The overall PTA was calculated by weighting for the expected distributions of renal function in the populations of interests. Weighting was accomplished by using the distribution of CLCR observed in two previous registration studies for the indications that will ultimately be sought with ceftobiprole, cSSTIs and NP (14, 32). Specifically, the overall PTA at each MIC was calculated by summing the product of the PTA for each CLCR by the fraction of patients in the clinical trial with that respective CLCR. For example, the PTA at a given MIC with a CLCR of 20 ml/min was multiplied by the fraction of patients in the trial having CLCRs near that value (14). The same was true for estimated values of 40 ml/min, etc. All the values were then added to obtain a weighted value for the PTA at that MIC. We believed that this method would put the data into proper perspective and would thus have the greatest clinical value. Consistent with the recommendations of the CLSI, a PTA of 90% was considered acceptable, since the overwhelming majority of patients will achieve sufficient antibiotic exposures at this threshold.

Clinical trial data for cSSSIs and NP. The distribution of the CLCRs from the 750-mg levofloxacin registration trials for cSSTI and NP indications were provided by the sponsor (Johnson and Johnson Pharmaceutical Research and Development) (14, 32). We used the demographics from the 750-mg levofloxacin registration trials as a measure of the CLCR distributions because they were modern studies of substantial patient size that involved the same patient populations (patients with NP and cSSSIs) as the ceftobiprole phase III trials. Both arms of these studies were used to estimate the CLCR distributions.
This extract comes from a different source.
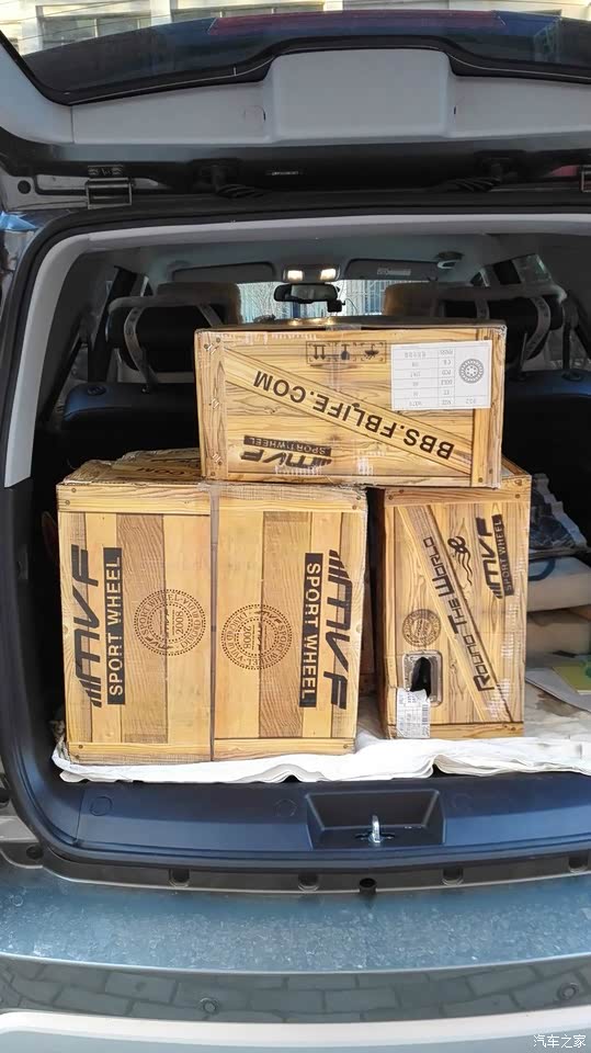 四个车轮箱子放在后备箱的照片,每次换胎的时候,四个轮子一字排开。。。正好!
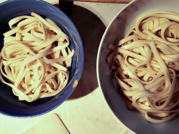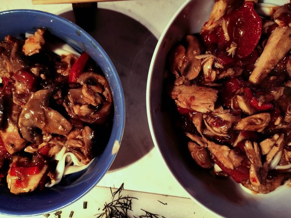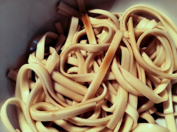 Лапшу удон я беру покупную, самому раскатывать и нарезать как-то никак не хватает ни сил ни желания, хотя надо бы, с домашней блюдо становится раз в 10 вкуснее, но и покупную можно подобрать такую, что не стыдно гостей угощать. Главное, следите чтобы она быша достаточно широкой, а то повадились нынче продавать тонкую как не пойми что...

Microbiology data. Ceftobiprole MIC data from a set of United States and European gram-negative isolates, obtained from Focus BioInova 2004 surveillance studies, were used as a measure of the MIC distribution and frequency for the gram-negative organism-specific PTA analysis. Organisms and ceftobiprole MICs for MRSA and methicillin-susceptible S. aureus (MSSA) strains were identified from the ceftobiprole phase III cSSSI registration trial and were supplied by the sponsor (Johnson and Johnson Pharmaceutical Research and Development).
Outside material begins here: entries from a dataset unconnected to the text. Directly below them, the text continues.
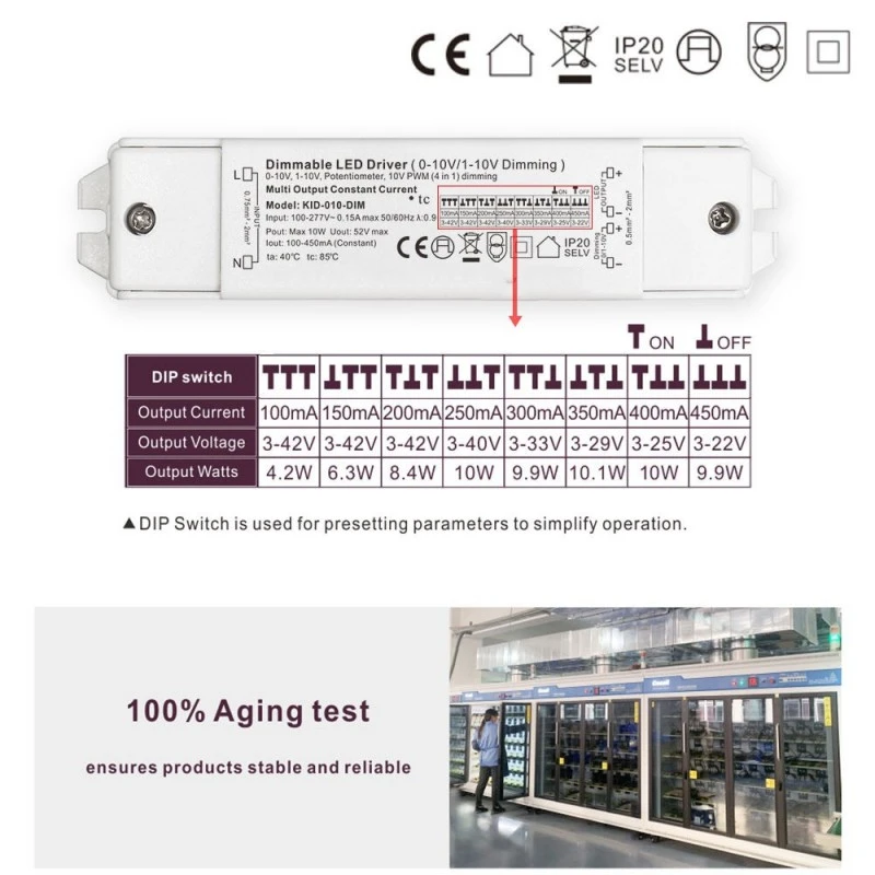 اسٹار ویل مستقل موجودہ 0-10V ڈیمبل ایل ای ڈی ڈرائیور کی تصریح:
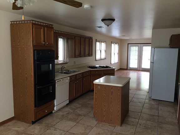 This ranch style apartment offers an open living room and eat-in kitchen for modern living. The double oven is ideal for cooking enthusiasts, and there's plenty of storage to keep things organized. With three comfortable bedrooms, it accommodates families or guests easily. The single bathroom is well-appointed and practical. Durable vinyl flooring makes maintenance a breeze, while ceiling fans and mini blinds provide comfort and privacy. The primary bedroom features a walk-in closet for extra storage. This home combines practicality and style, creating a welcoming space.
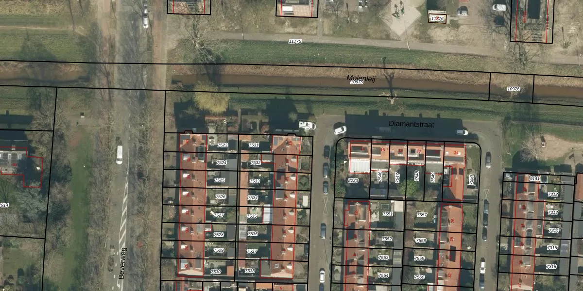 Het perceel waarop Diamantstraat 15 staat heeft een oppervlakte van 162 m². Dit is een middelgroot perceel. De perceeloppervlakte wordt geregistreerd door het Kadaster. Gedetailleerde informatie over de maten van dit perceel kunt u vinden in het rapport Kadastrale kaart met maatvoering van Diamantstraat 15.
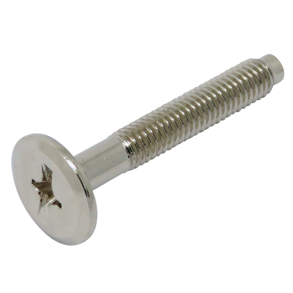頭径16mm・頭厚2.3mmの広い座面で部材をしっかり固定し、仕上げは鉄製・ニッケルメッキまたはGBメッキから選択可能
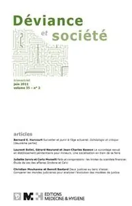 Volume 35, Issue 2 Vol. 35, 2011/2 - pagesPages 163 to 194Challenging the Actuarial Method in Penal SystemsBy Bernard E. HarcourtPages 195 to 215Excessive Gender-Based Coding in a Prison Institution for MinorsBy Laurent Solini, Gérard Neyrand, Jean-Charles BassonPages 217 to 238Facts and Conspiracies: The Limits of a Financial ScandalBy Juliette Jarvis, Carlo MorselliPages 239 to 260Testing Two Models of JusticeBy Christian Mouhanna, Benoit Bastard

Renal dose adjustment analysis. Two dose adjustment strategies for ceftobripole at 500 mg i.v. q8h (2-h infusion) were explored for patients with renal functional impairment. In one strategy, the dosing interval and infusion time were maintained (q8h and 2 h, respectively) and the dose was halved (250 mg) at an estimated CLCR of 30 ml/min. In the second strategy, the dose and infusion time were maintained at 500 mg over 2 h, but the interval was lengthened from q8h to q12h at an estimated CLCR of 50 ml/min. We examined these two CLCR thresholds because they are consistent with the renal dose adjustments for other β-lactams according to CLCRs. PTAs for 30 to 60% fT > MIC were examined for each candidate regimen at the CLCR dose adjustment threshold with the adjusted dose. The exposure ratio by the area under the concentration-time curve (AUC) for 24 h at steady state (AUC24SS) was also calculated for each candidate regimen. Specifically, the exposure ratio was the AUC24SS for ceftobiprole at 500 mg i.v. q8h (2-h infusion) when the CLCR was fixed at the candidate renal dose adjustment threshold (30 and 50 ml/min) relative to the AUC24SS distribution when the CLCR was 100 ml/min. While an explicit concentration-toxicity relationship currently does not currently exist, the target maximal exposure was twofold or less, since studies with volunteers have demonstrated the tolerability of ceftobiprole at 1 g q8h.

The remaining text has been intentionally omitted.